Studies using animal models have been unable to determine the mechanical stimuli that most influence muscle architectural adaptation. We examined the influence of contraction mode on muscle architectural change in humans, while also describing the time course of its adaptation through training and detraining. Twenty-one men and women performed slow-speed (30°/s) concentric-only (Con) or eccentric-only (Ecc) isokinetic knee extensor training for 10 wk before completing a 3-mo detraining period. Fascicle length of the vastus lateralis (VL), measured by ultrasonography, increased similarly in both groups after 5 wk (ΔCon = +6.3 ± 3.0%, ΔEcc = +3.1 ± 1.6%, mean = +4.7 ± 1.7%; P < 0.05). No further increase was found at 10 wk, although a small increase (mean ∼2.5%; not significant) was evident after detraining. Fascicle angle increased in both groups at 5 wk (ΔCon = +11.1 ± 4.0%, ΔEcc = +11.9 ± 5.4%, mean = 11.5 ± 3.2%; P < 0.05) and 10 wk (ΔCon = +13.3 ± 3.0%, ΔEcc = +21.4 ± 6.9%, mean = 17.9 ± 3.7%; P < 0.01) in VL only and remained above baseline after detraining (mean = 13.2%); smaller changes in vastus medialis did not reach significance.

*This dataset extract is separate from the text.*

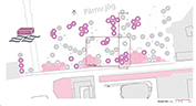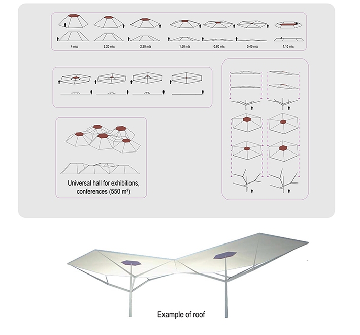 The polygonal shape of this pattern makes an easy adaptation not only of the occupied space but also of the volume. Its different extrusions combined all around, can creates the exposition space, new seats, different topographies, canopy areas and accessible circulation from every place to another.

The similar increase in fascicle length observed between the training groups mitigates against contraction mode being the predominant stimulus. Our data are also strongly indicative of 1) a close association between VL fascicle length and shifts in the torque-angle relationship through training and detraining and 2) changes in fascicle angle being driven by space constraints in the hypertrophying muscle. Thus muscle architectural adaptations occur rapidly in response to resistance training but are strongly influenced by factors other than contraction mode.